Complaining we don't debate Eugenics just because of Hitler is like complaining we don't debate the merits of setting ourselves on fire just because of Timmy "the Human Torch" Thompson who died in the burn ward.
"As the burned finger of the fool/goes wobbling back to the fire...."
Selectively breeding dogs for large size is not the same thing as killing every toy poodle for being "inferior." The former has been practiced for hundreds of years, the latter is simple animal cruelty.
What Dawkins is talking about -- the idea that we might pick out the genes from the very fastest runners to produce a child which is a fast runner -- has only the vaguest conceptual relationship to Hitler's final solution.

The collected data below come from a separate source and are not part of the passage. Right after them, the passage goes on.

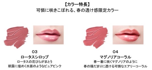 KiSSで人気のリップラインが描きやすい超極細※リップ、リップアローシリーズの高保湿タイプ「リップアロー グロウ」から、春の訪れを告げる花々と光をイメージした、透明感あふれる限定色が登場!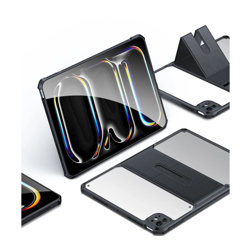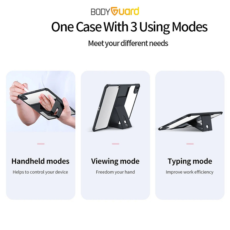 قاب بادیگارد مدل KickStand با بهره گیری از جدیدترین طراحی روز علاوه بر زیبایی امکان محافظت کامل از تبلت را نیز فراهم می کند. این کاور دارای کناره محکم و گوشه های کپسولی جهت حفاظت از تبلت در برابر صدمات می باشد. پشت این کاور طلق محکم شفاف می باشد که باعث حفظ زیبایی تبلت می شود. کاور KickStand دارای قسمت استند در پشت می باشد که باعث می شود تبلت در 3 حالت تماشای فیلم، حالت تایپ و حالت دستگیره ای جهت قرار گرفتن در کف قرار گیرد.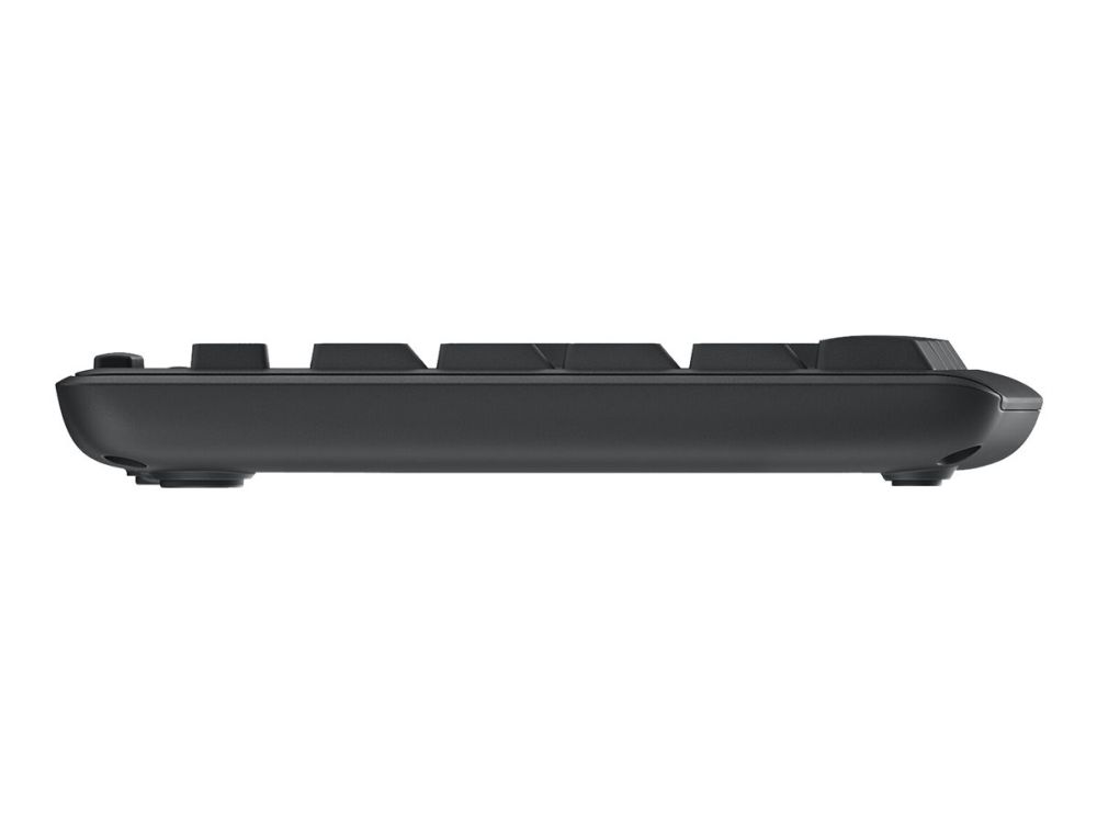 Die starke, verlässliche und kabellose 2.4 GHz Verbindung sorgt für eine stabile und verzögungsfreie Vernetzung. Dank einer Reichweite von zehn Metern und einem Nano USB-Empfänger bleibt dein Schreibtisch vom Kabelwirrwarr befreit und du hast genug Platz für Gaming-Laptop oder Computer. Dieses Tastatur-Maus-Set wurde robust und handlich gestaltet, die ergonomische Form trifft auf ein effizientes Design. Tippen Sie noch länger dank des spritzwassergeschützten Designs mit robusten Tasten. Die stabilen Aufsteller sind für noch mehr Komfort höhenverstellbar. An- und Ausschalter sorgen für eine lange Batterielebensdauer, sodass du länger ohne Batterientausch auskommst – bis zu 36 Monaten bei der Tastatur und 18 Monaten bei der Maus.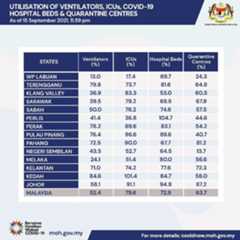 Status terkini Kapasiti & Penggunaan Katil COVID-19, Pemberian Vaksin & Kes Baharu Sehingga 15 September 2021:
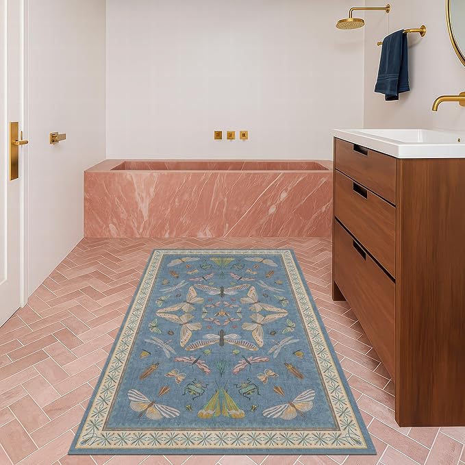 Washable Blue Rugs for Bedroom Bedside - 3x4 Area Rug for Large Kitchen, Entrance Indoor, Boho Insect Print Bug Décor, Non Slip Low Pile Fade Resistant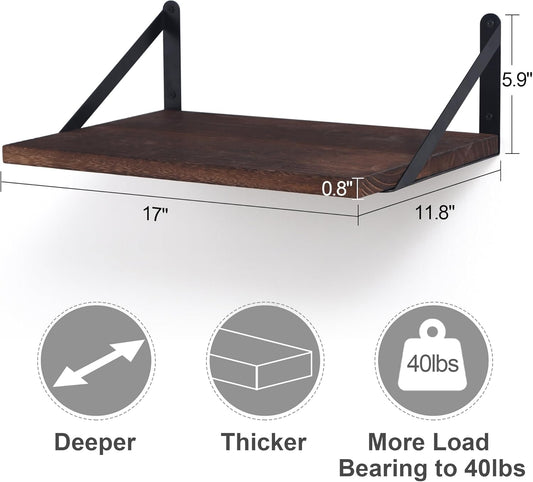 ShelfLoft 12 Inch Deep Floating Shelves with Iron Brackets,Set of 2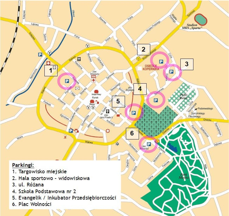 Pojazdy będzie można zostawić na parkingach przy targowisku miejskim, hali sportowo-widowiskowej, ul. Różanej, szkole podstawowej nr 2, Evangeliku i Ziębickim Inkubatorze Przedsiębiorczości oraz na Placu Wolności. Poniżej mapka.

It may be a bad idea, but surely something which is "self-evidently immoral" can be shown to be self evidently immoral without resorting to "Hitler did it."
Also... enamored? He outright says that he can think of some reasons which would persuade him its a bad idea. The only thing he's "fussed" about is that people define things as "self-evidently immoral" by association, without being willing to actually examine the idea on its own merits.
If Hitler ate sugar and his teeth rotted, that's maybe a data point. But lots of people eat sugar and manage to brush their teeth. Is it stupid to ignore the correlation? Of course not. But the correlation of two things is not the end-all and be-all of rational inquiry.
Also you loose important things when you breed for certain things, look at pure breed dogs, I would never pay money for one cause the vet bills will be crazy high.